Allosaurus fragilis AL-oh-SOR-us

"Different lizard"

Allosaurus silhouette
You 1.8 m (5.9 ft) tall
Allosaurus 9 m (29.5 ft) long
6 people holding hands
silhouette · Will Toosey (CC-BY) via PhyloPic
Length
9 m (29.5 ft) — About 9 m long, ~2 tonnes — the lion of the Late Jurassic.
Period
Late Jurassic (155–145 Mya)
Place
North America · Western United States · Portugal
Food
Carnivore — Large prey — Stegosaurus, Camptosaurus, possibly young sauropods.
Clade
Allosauroidea Dinosauria Saurischia Theropoda

Allosaurus was the top predator of the Late Jurassic. More than 60 individuals have been found at the Cleveland-Lloyd Quarry in Utah, making it the best-known large theropod by sheer number of bones.
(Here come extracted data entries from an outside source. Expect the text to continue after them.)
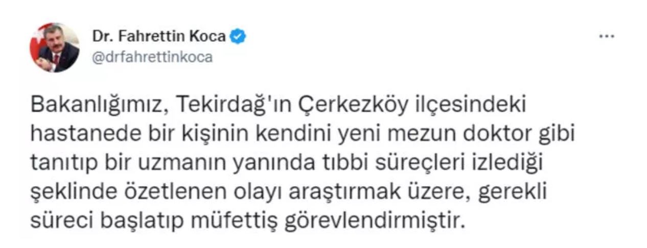 Sağlık Bakanı Fahrettin Koca, yaptığı açıklamada, "Bakanlığımız, Tekirdağ'ın Çerkezköy ilçesindeki hastanede bir kişinin kendini yeni mezun doktor gibi tanıtıp bir uzmanın yanında tıbbi süreçleri izlediği şeklinde özetlenen olayı araştırmak üzere, gerekli süreci başlatıp müfettiş görevlendirmiştir." ifadelerini kullandı.
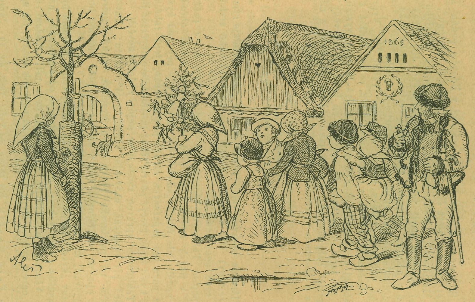Vynášení smrti v Jihočesku. Kresba Mikoláše Alše..
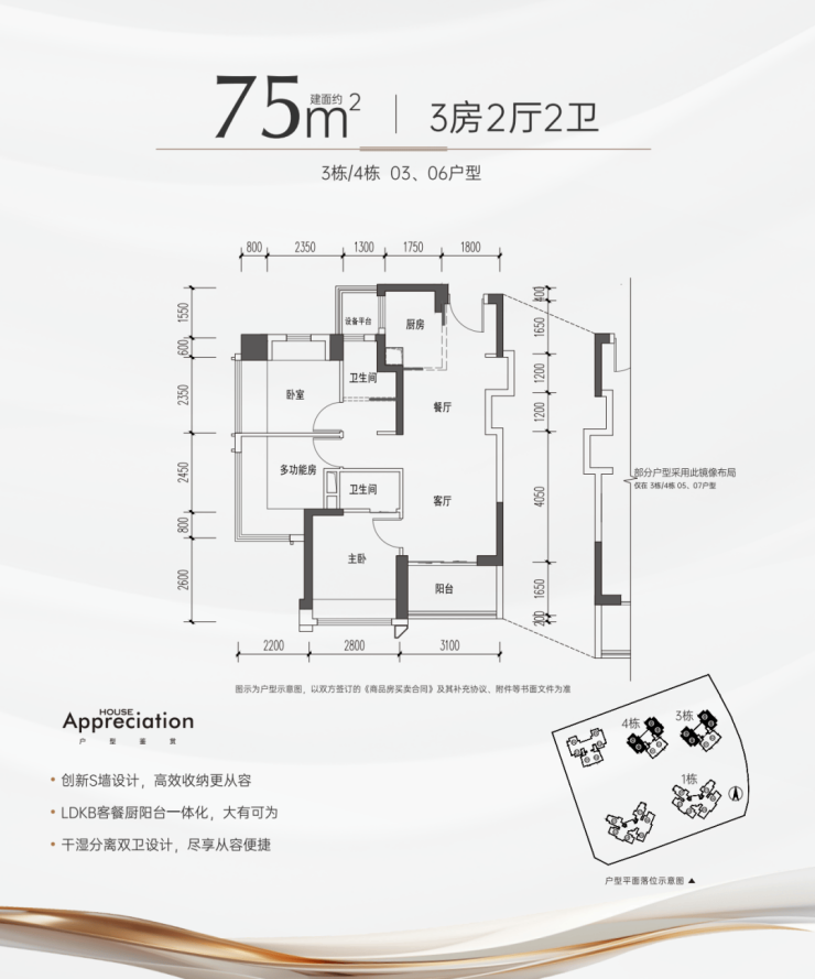 也就是说,买入这套75㎡的户型,比别的项目少出5㎡+的资金就可以实现一步到位,以单价4.4万/㎡来计算,总价省出了22万+!

Allosaurus skulls had brow horns above the eyes and could open very wide — paleontologists nicknamed its bite the ‘hatchet jaw’ because it may have swung its head downward like an axe.

What we know

  • Over 60 individuals known from the Cleveland-Lloyd Quarry alone.
  • Two short brow horns above the eyes — likely display structures.
  • Strong neck muscles allowed a downward axe-like bite, unlike T. rex's crushing bite.
  • Lived alongside Stegosaurus, Apatosaurus, Diplodocus, Brachiosaurus.

What we guess

  • Whether Cleveland-Lloyd is a predator trap, a die-off site, or a pack burial.
  • How big the bite force was — much lower than T. rex, but a different killing style.
  • Whether brow horns were for ramming, display, or shading the eyes.